June 14, 2009 — The historical narrative of the Darfur genocide is presently being
re-written. Despite dozens of human rights reports that have established
the basic realities of ethnically-targeted human destruction in Darfur
and Eastern Chad over the past seven years, an effort is being made to
minimise the scale of that destruction, elide the role of ethnicity in
the conflict and downplay the responsibility of the Khartoum regime.

This large-scale revision has been taken up by those – particularly
on the left – with an ideological aversion to humanitarian
intervention.
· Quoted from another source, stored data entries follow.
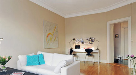 空間不大,所以裝修中選用了白色為主,奶茶色墻壁,白色系的家具,柚木色的地板,使整個(gè)空間迅速拉升放大。
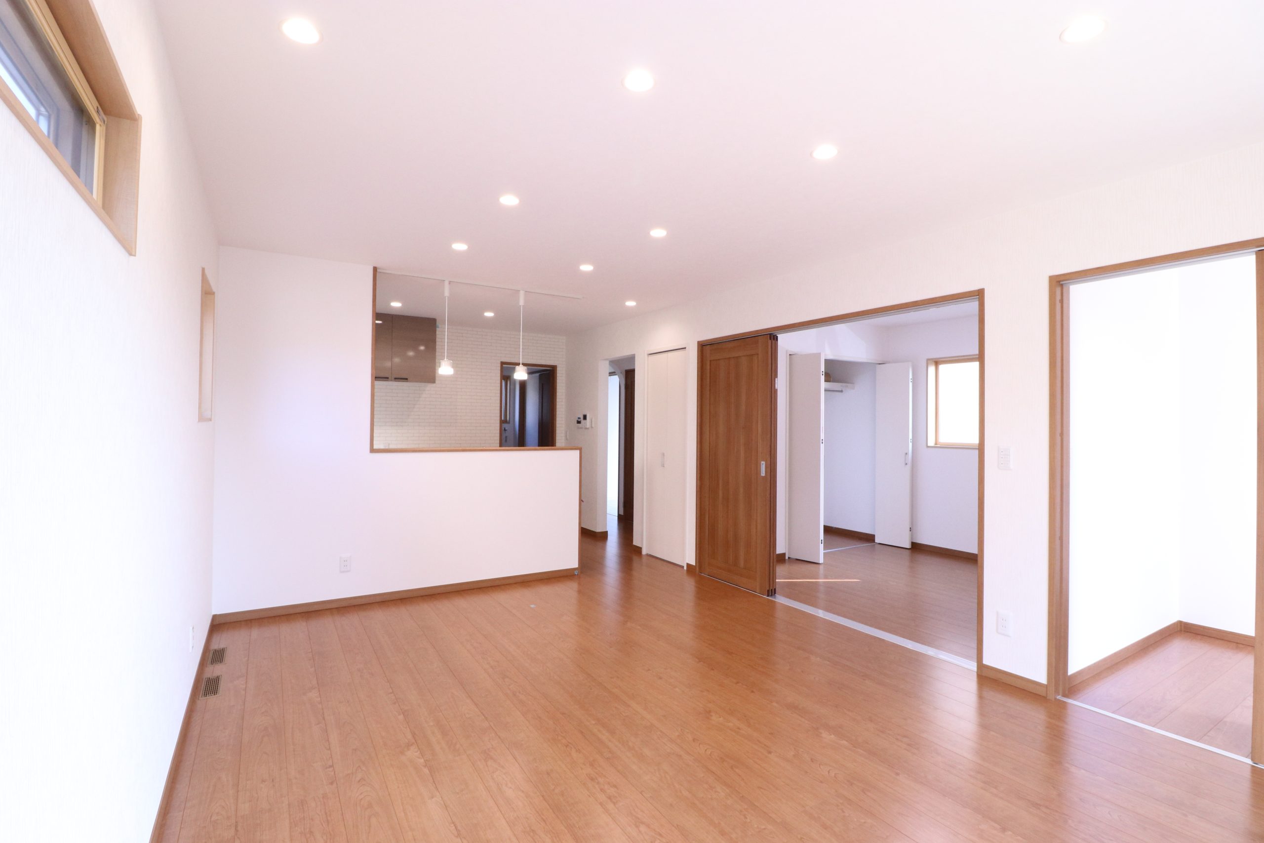 ▲16.8帖のLDKは隣の洋室と続き間にすることで21帖以上の広さを実現。家族みんながゆったりとくつろげる癒しの空間。
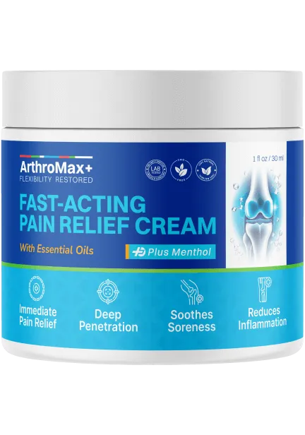 ArthroMax Plus is an advanced, fast-absorbing, all-natural pain relief cream designed to ease sore joints and muscles and restore optimal functioning. Through a unique triple-action blend, the powerful formula of science-backed extracts works together to help soothe pain and stiffness, reduce inflammation, and restore optimal flexibility and mobility.
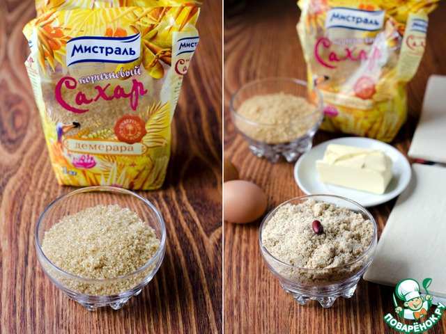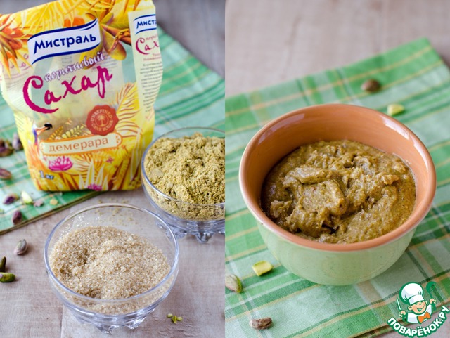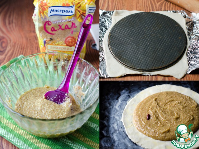Для этого пирога нам понадобится 100 г коричневого сахара марки "Мистраль", 500 г слоеного теста, 2 яйца, 100 г молотых несоленых фисташек, 1 ст. л. муки, 70 г мягкого сливочного масла, 1 фасолина или фигурка.
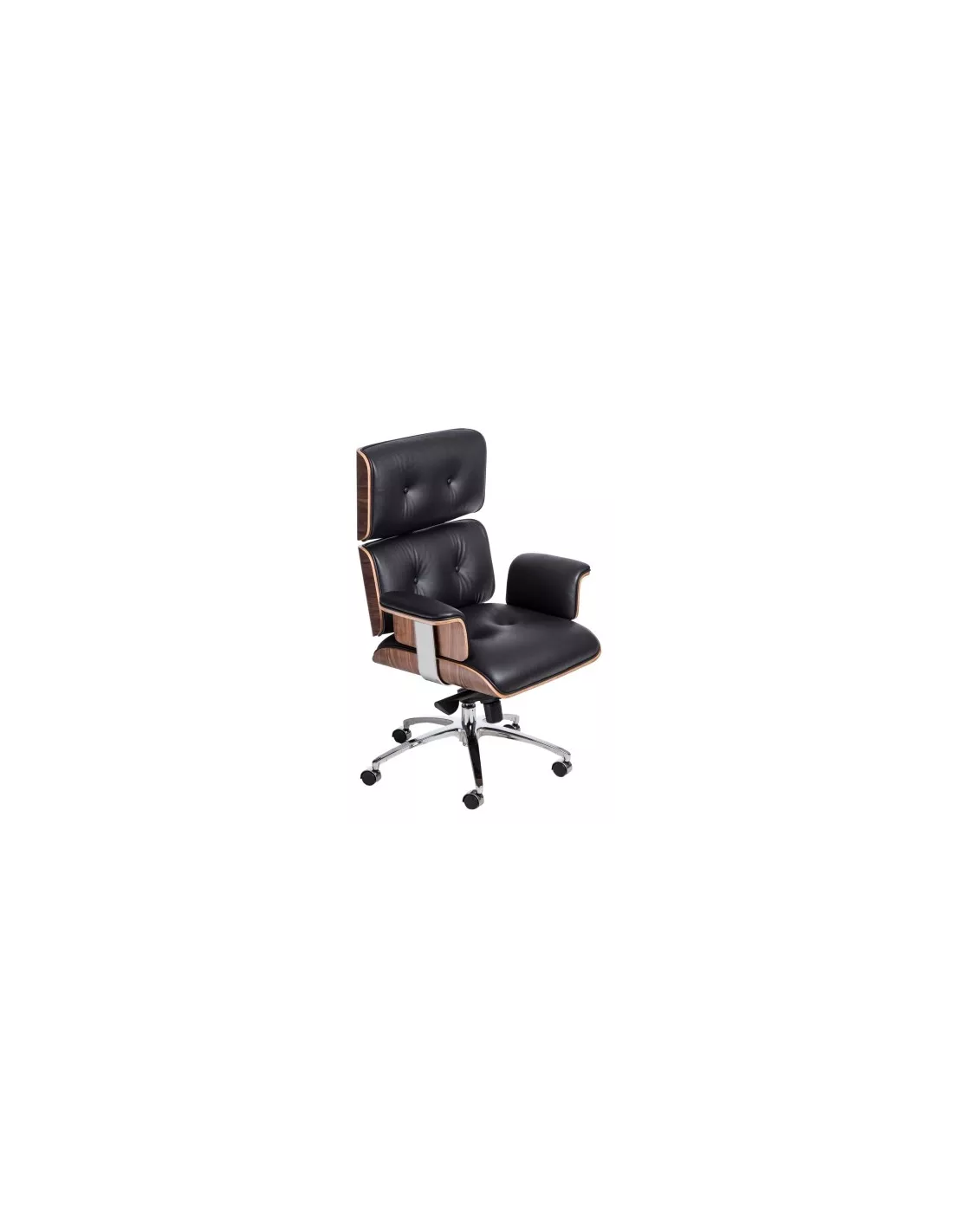 FOTEL BIUROWY VIP SKÓRA NATURALNA CZARNY + ORZECH
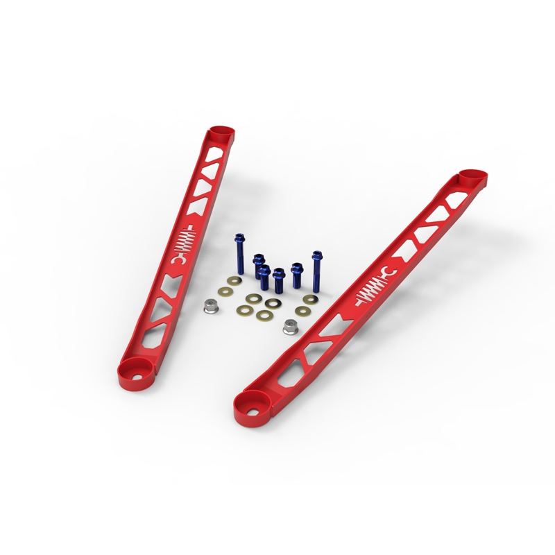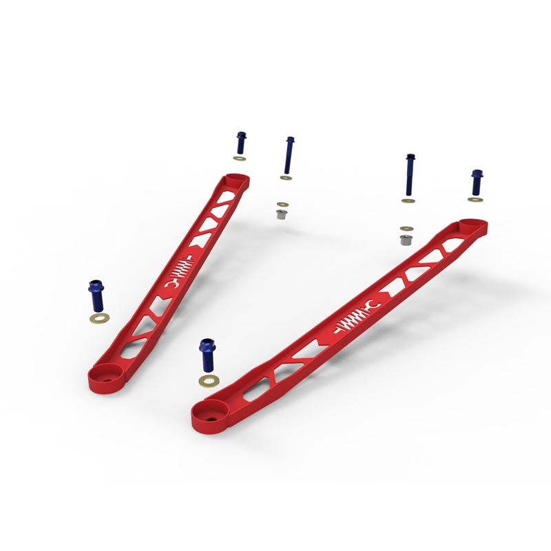 aFe CONTROL Front Suspension Strut Brace Red.aFe CONTROL fabricated suspension strut braces will stiffen up your chassis and give your engine bay a unique look. Made from 304 stainless steel, the I-beam design is TIG welded to form a lightweight brace that increases the front end rigidity and improving turn-in response.These braces are laser cut from 14-gauge 304 stainless steel and are CNC bent for a perfect fit. This kit includes grade 5 titanium mounting bolts that have an eye-catching burnt-blue anodizing. We include (4) M10 bolts for vehicles that already have factory braces and an additional (2) M8 thru bolts & nuts for the models that did not come with braces from the factory.
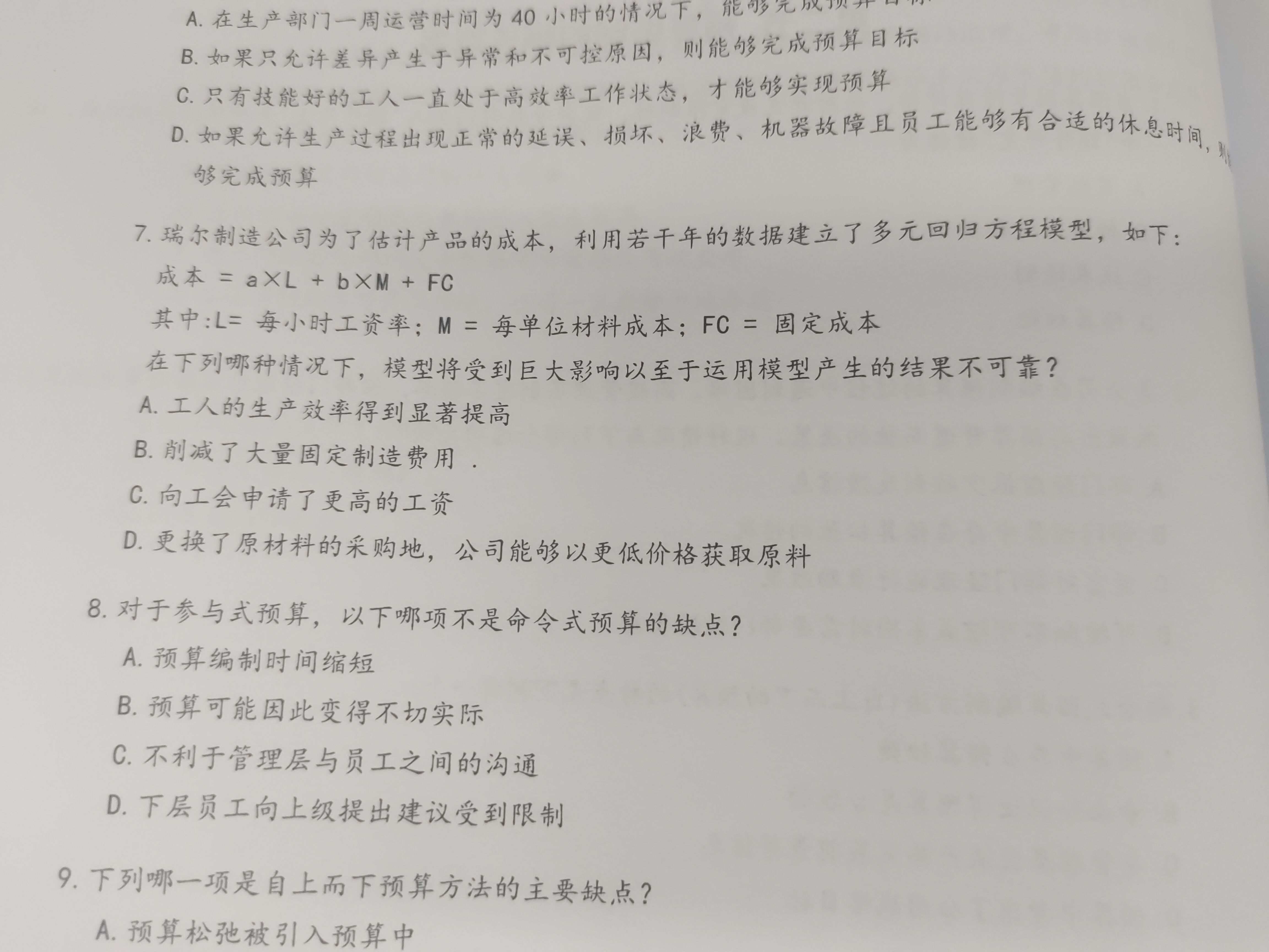 同学你好,在成本模型中,所有的固定成本、劳动力成本和原材料成本认为与产品是相关联的。只有单一变量才可以衡量对模型的影响。其他三个选项,削减大量固定制造费用,可能影响FC,更换了原材料的采购地,材料成本大幅下降,会影响M,向工会申请更高工资的问题,会影响L。而劳动生产率的变化会影响多个要素的变化,所以使模型无效。

If the catastrophe can be portrayed as non-genocidal and
essentially local in character, then advocacy efforts – initially for
humanitarian intervention and currently for robust support of a weak and
ineffectual UN/African Union peace operation – are misguided and
misplaced.

The most conspicuous effort at re-writing history is Mahmood
Mamdani’s “Saviors and Survivors: Darfur, Politics and the War on
Terror.” The book focuses on the purported misperceptions and
distortions of the American-based Save Darfur Coalition, which Mamdani
argues is an unwitting supporter of the “war on terror”. “Darfur
[has become] not just an illustration of the grand narrative of the War
on Terror but also a part of its justification,” Mamdani writes. He
would have us believe that in turning the Darfur conflict into a moral
rather than a political issue, Americans in SDC can “feel themselves
to be what they are not in Iraq: powerful saviors.” “Darfur is a
place of refuge. It is a surrogate shelter. It is a cause about which
they can feel good.”

It is true that some advocacy efforts have been prone to
oversimplification, naïveté and occasionally misguided policy
initiatives. Some corrective is no doubt needed. But Mamdani’s points
are tendentious and overstated, and should not distract from the
substantial consensus about events that has been authoritatively
established by human rights reporting, UN investigations and some
excellent on-the-ground news reporting. Perversely, human rights
reporting on Darfur is invisible in Mamdani’s text.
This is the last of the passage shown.